As prices are formed in the FOREX market

On short-time scans (intraday trading) within one. Cycle in the process of pricing in the market FOREX observed systematic bias. How it can be effectively used in trading - described in the article.

On Fractal and market efficiency

As you know, pricing on FOREX can be described using the theory of fractal market, which was a logical extension of understanding of the efficient market [1-4]. Let me remind you that in this theory compares the "truth" (estimated) price of an asset to its market price. The problem is, how much and how often the market can underestimate or overestimate an asset. A trader who has discovered or underestimate market asset would be able to risk-free profit. Efficient market hypothesis tells us that this is impossible. Indeed, in the course of the test asset laid almost all the available information to market participants. It follows that the observed exchange rate fluctuations should be random, and no one can predict the market price. The existence of the market as a stable system with liquid assets necessary to carry on its trade. Foreign exchange market with its fractal structure of the normal probability distribution of price changes on intervalevremeni chosen depending on the volatility of the market, and regardless of the depth of the investment horizon - is a stable, self-regulating system.

Since the market involves a lot of investors with different investment horizons, the crash or panic on one investment horizon will be absorbed and mitigated by other horizons. Each market participant has an investment horizon and decides, in accordance with the duration and the expected behavior of the market at a specific time period.

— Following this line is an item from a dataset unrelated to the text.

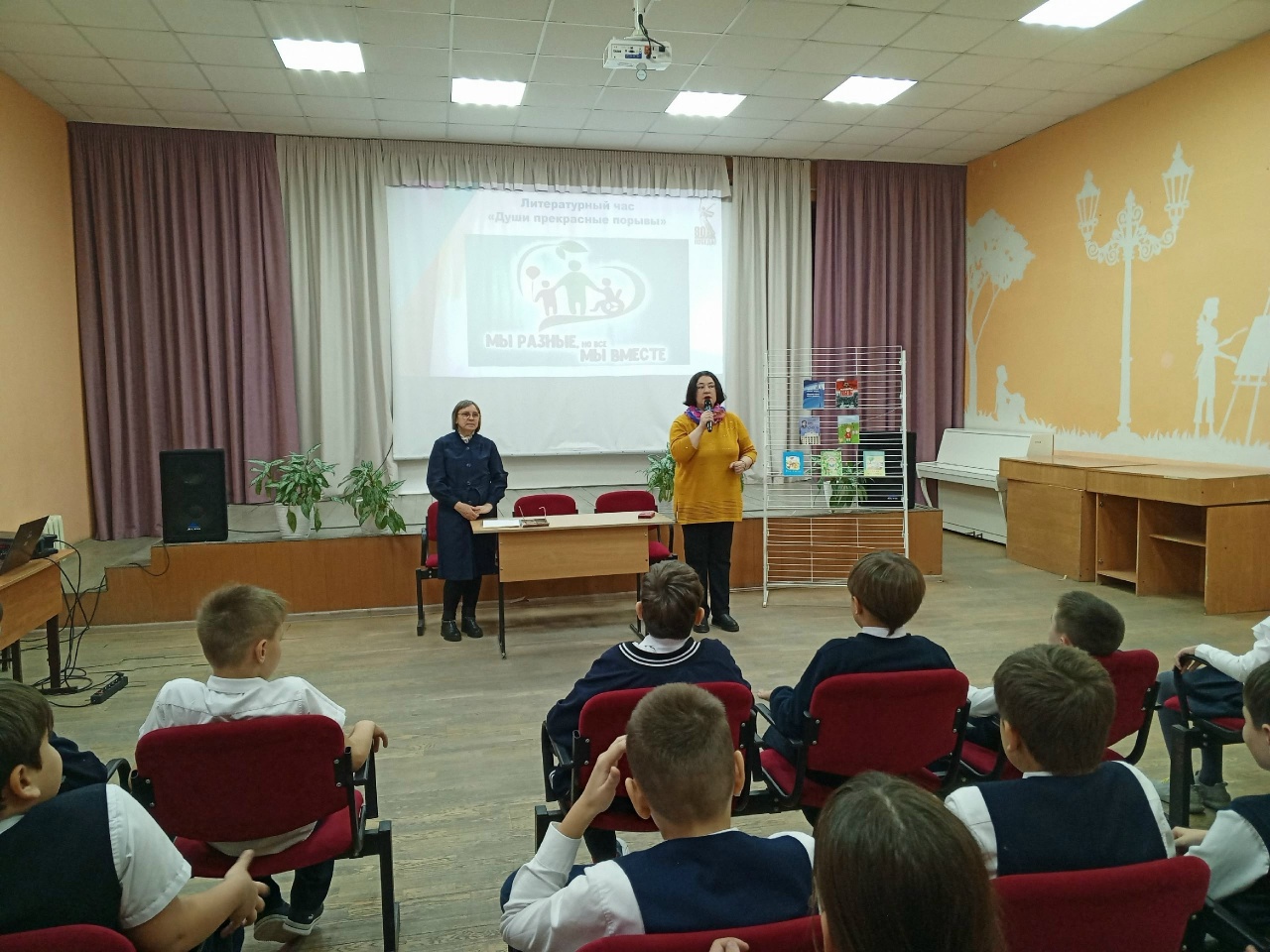 2 декабря в актовом зале школы № 4 для детей из всех четвёртых классов был проведён литературный час «Души прекрасные порывы». Мероприятие было посвящено декаде инвалидов. В гости к детям пришла талантливая чистополка Наталья Курнавенкова. Наталья Фёдоровна читала авторские стихи и рассказы, отвечала на вопросы, даже показала одно движение из танца «Ча – Ча- ча». Ведущей встречи была библиотекарь Елена Быкова. Елена Валерьевна познакомила детей с творческой биографией Натальи, читала стихи и рассказы, которые вошли в республиканский сборник «Вдохновлённые родным краем» и стихотворение «Война лишила меня деда» из книги «Солдаты Победы»- 4. Дети были удивлены, что Наталья Фёдоровна, не только пишет стихи и рассказы, а ещё и рисует, танцует, играет на гитаре, выращивает цветы, фрукты и овощи в своём саду. Так же она рассказала детям о том, что стала недавно мастерить игрушки из ваты. Из этой встречи дети поняли, что пенсионеры – инвалиды, очень увлечённые люди и с них можно брать пример жизнелюбия. Ещё ребятишки узнали, что никогда не поздно чему то научиться полезному и интересному, и конечно же то, что надо уважать и заботиться о больных и стареньких бабушках и дедушках.

However, if the market had the same investment horizon, he would become unstable and illiquid. Lack of liquidity in the market creates a panic. Thus, the source of market liquidity - investors with different investment horizons, different conclusions on technical analysis (or different interpretations of the fundamental information) and, therefore, have a different understanding of the investigated asset prices.

Since market prices are constantly experiencing fluctuations, then, according to Soros, market equilibrium in life is very rare. [5] Supply and demand curves correlate HE only among themselves but also with the mindset of market participants, which may, in turn, significantly affect these same curves.

Decisions about purchases or sales are made based on expectations of future prices, which, oddly enough, are largely determined by these decisions in real time. All this is to a large extent resembles the amplifier with positive feedback. Projections and actions of market participants <random> price fluctuations serve as the self-fulfilling prophecy.

Expectations and price fluctuation amplitude

The role of expectations in recent years has increased markedly because traders the opportunity to work with a large bank on the shoulder of many segments of the financial market. Amplitude fluctuations of the prices have increased due to the possibility to instantly attract notable capital markets and manage <circuited> online intraday trading. In this situation, there is no guarantee that the <basic> drivers will manage and extinguish such fluctuating price hikes.